_Prompt_
Where the data below begins, start duplicating lines exactly, and finish with the line containing "Figure 1 : Principaux"; add nothing else. Leave the pictures out.

[Excerpts from a dataset]

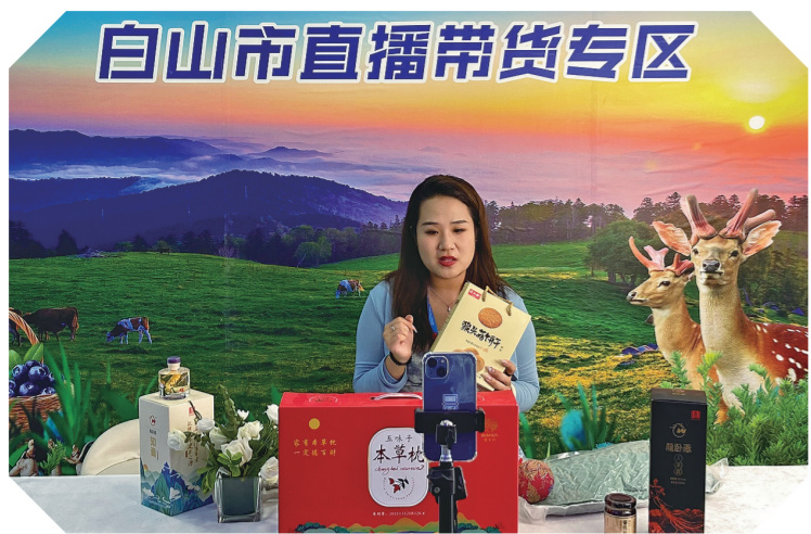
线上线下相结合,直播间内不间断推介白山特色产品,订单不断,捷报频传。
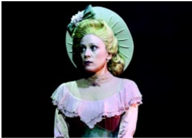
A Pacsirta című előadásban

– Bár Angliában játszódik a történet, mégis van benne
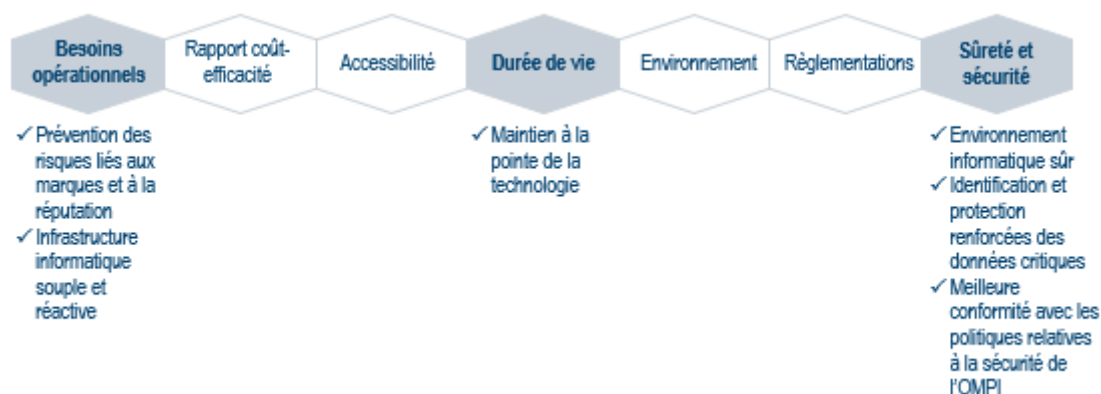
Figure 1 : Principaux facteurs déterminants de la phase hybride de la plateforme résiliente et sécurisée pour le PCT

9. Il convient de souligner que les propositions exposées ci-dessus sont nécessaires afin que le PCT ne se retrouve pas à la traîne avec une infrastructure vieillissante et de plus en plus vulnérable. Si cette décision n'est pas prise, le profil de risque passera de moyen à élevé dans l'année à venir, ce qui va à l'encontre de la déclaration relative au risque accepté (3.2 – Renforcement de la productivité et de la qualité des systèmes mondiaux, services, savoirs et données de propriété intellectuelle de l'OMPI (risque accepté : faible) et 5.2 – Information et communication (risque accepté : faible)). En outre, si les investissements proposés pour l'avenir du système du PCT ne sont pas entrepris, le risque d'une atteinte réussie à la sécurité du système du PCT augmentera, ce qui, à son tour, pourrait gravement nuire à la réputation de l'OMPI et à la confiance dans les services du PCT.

_The completed task_
线上线下相结合,直播间内不间断推介白山特色产品,订单不断,捷报频传。
A Pacsirta című előadásban

– Bár Angliában játszódik a történet, mégis van benne
Figure 1 : Principaux facteurs déterminants de la phase hybride de la plateforme résiliente et sécurisée pour le PCT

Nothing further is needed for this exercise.